What does this mean?

Here is the product sheet: http://www.gemssensors.com/uploadedFiles/Literature/Product_PDFs/FT-330.pdf

Thanks for the help,
Kyle

#### retrolefty

#1
##### Feb 02, 2011, 06:57 pm
It means to read the flow rate you will have to interface the signal to a digital input pin and measure the frequency of the signal to then determine the flow rate. The datasheet shows the relationship for two different size flow meters:

Quote
P/N        Thread       Flow Range   Pulses/GAL.    Frequency (Hz)
226000    3/8 NPT     0.2-2 GPM    10200            34-343
226100    3/8 NPT     0.4-4 GPM     -------           28-340

So if you measure the frequency of the signal you can then correlated it to a specific flow rate at that time.

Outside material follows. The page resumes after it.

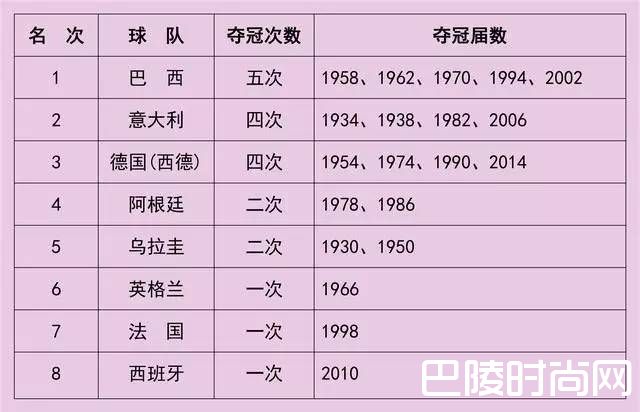 世界杯夺冠次数排行榜
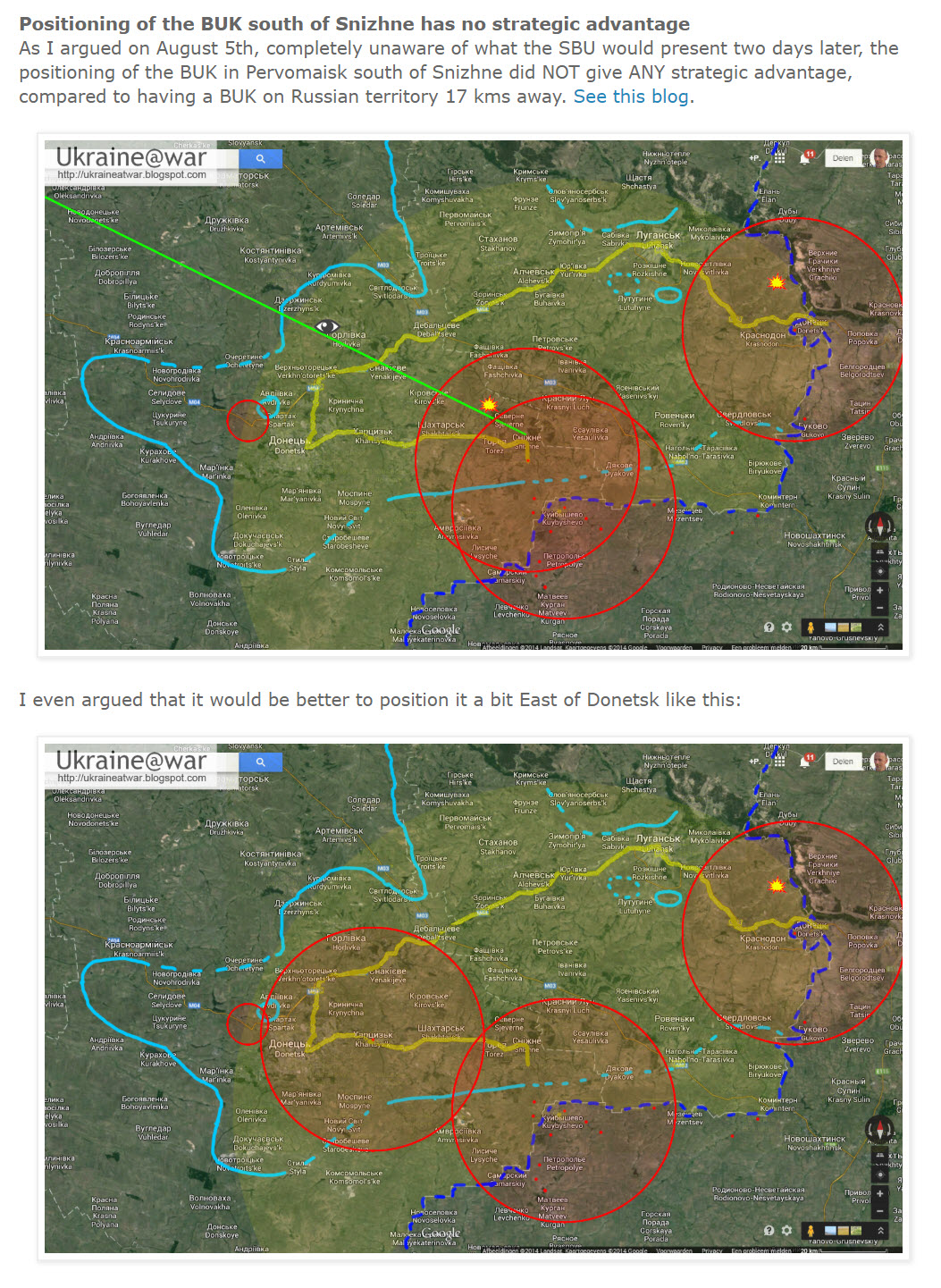 Про цей момент прямо говорив блогер Ukraine @ War / Dajey Petros . На його думку, місце пуску ракети «Бука» було вибрано помилково, оскільки не мало стратегічної цінності в порівнянні з більш західними місцями пуску. Це твердження засноване на тому, що в цьому районі вже було прикриття російських систем ППО по той бік кордону, тоді як Донецьк був порівняно не прикритий ППО. Ukraine @ War представив дві карти з накладеними радіусами дії «Бука» (див. Скріншот нижче):

You will also have to decide if you just want to just know flow rate at any given time, or if you also want to keep track of total gallons flowed over a given period, that is a so called flow totalizer.

Lefty

#### bikehikeclimb

#2
##### Feb 02, 2011, 07:18 pm
How do you measure the frequency of the signal  with the arduino? Is that PWM?

#### retrolefty

#3
##### Feb 02, 2011, 07:31 pm
No not PWM. There have been posting on how to write a frequency measurement sketch and even some software libraries posted to help make it easier to intergrate into your sketch. I haven't yet needed to write such a function so can't really recommend a 'best method".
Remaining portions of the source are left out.